A short update here. I had taken a deep dive into the rabbit hole that is colour science in December. But in the end, no matter how much "science" you throw at the problem, finding 20 or more colours that can be distinguished while they are also recognizably similar within a team is simply a bad idea.

Therefore, the plan forward is the following:

  1. Unique driver colours will be deprecated and removed in 2025.
  2. There will be two colour maps, with one colour for each team. The default colour map will make use of secondary team colours for some teams, when beneficial (for example: pink for Alpine, yellow for Red Bull). The second colour map will provide the "official" team colours, which may be very similar between some teams.
  3. Colours will be added for the 2018 to 2024 season.
  4. A new function to generate driver styles for plots by varying colour, linestyles, markers and similar (highly configurable, but with easy to use defaults) will be added.

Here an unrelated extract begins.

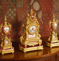 ~ French - Circa 1890 ~ ~~ Excellent condition ~~ A Very pretty French Gilt metal and porcelain clock garniture set, porcelain is a lovely plum red colour. The clock itself is surmounted by a charming pair of goddesses and a porcelain urn, the porcelain panels and the dial are beautifully painted with flowers and wild birds and the dial is signed by the London retailer.....Click here for full details! |
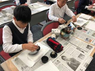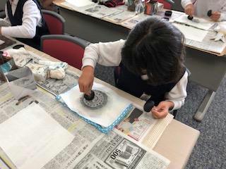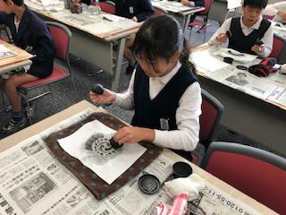 まずはじめは、「拓本」体験。発掘した瓦などの表面の様子を和紙に墨で写し取ります。初めは力加減が分からず、和紙を破いてしまったりしましたが、みんな上手に軒丸瓦の文様を写し取っていました。

Additionally, the driver-team relationship, abbreviations, ... will be automatically loaded/generated from the F1 live timing API. This will require that all new plotting functions get a reference to the session as a required argument. As a benefit, this will be able to handle multiple seasons, as well as drivers switching teams during a season or any case of "Hulkenback".

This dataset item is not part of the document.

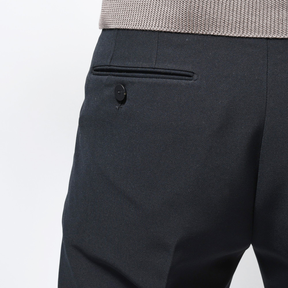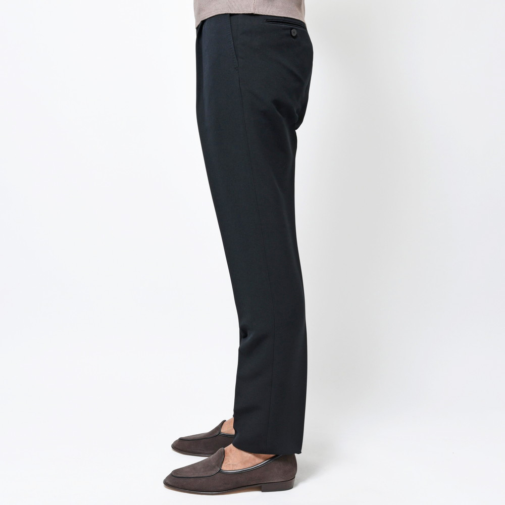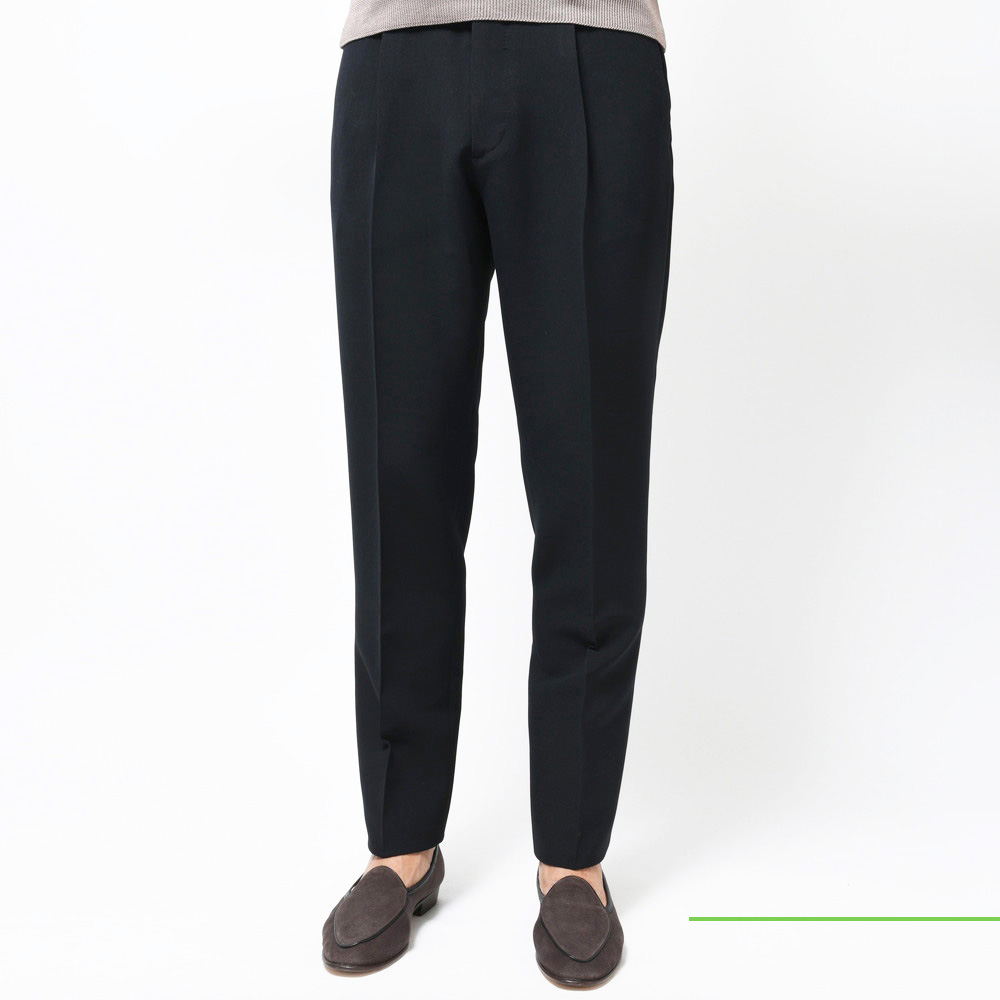 素材はジャージを採用することで、スマートでありながらもコンフォート性がありストレスなく穿いていただける仕上がりに。以前は2プリーツで採用していましたが、今回は1プリーツにすることで腰回りの雰囲気も気持ちモダンに見えるようになっています。

About the not so great things, I really wanted to get this done before the season starts. Simply because it is nicer to not make this change in the middle of the season. And also, because the current system of hard coding all values only for the current season basically requires a breaking change at the start of the season.
But I have been held up a lot with compatibility fixes for dependencies at the start of this year. And I'm currently really swamped with other stuff. I have been really trying to get this done over the last week. And I'm frustratingly close. But I'm way past the "I enjoy working on this" point while trying to somehow get this done between everything else. I have more or less no time at all to work on FastF1 in the next two weeks. I might be somehow able to finish this in a mostly working state today. But I'm not going to drop a fairly major change barely tested and badly documented and then be gone for two weeks.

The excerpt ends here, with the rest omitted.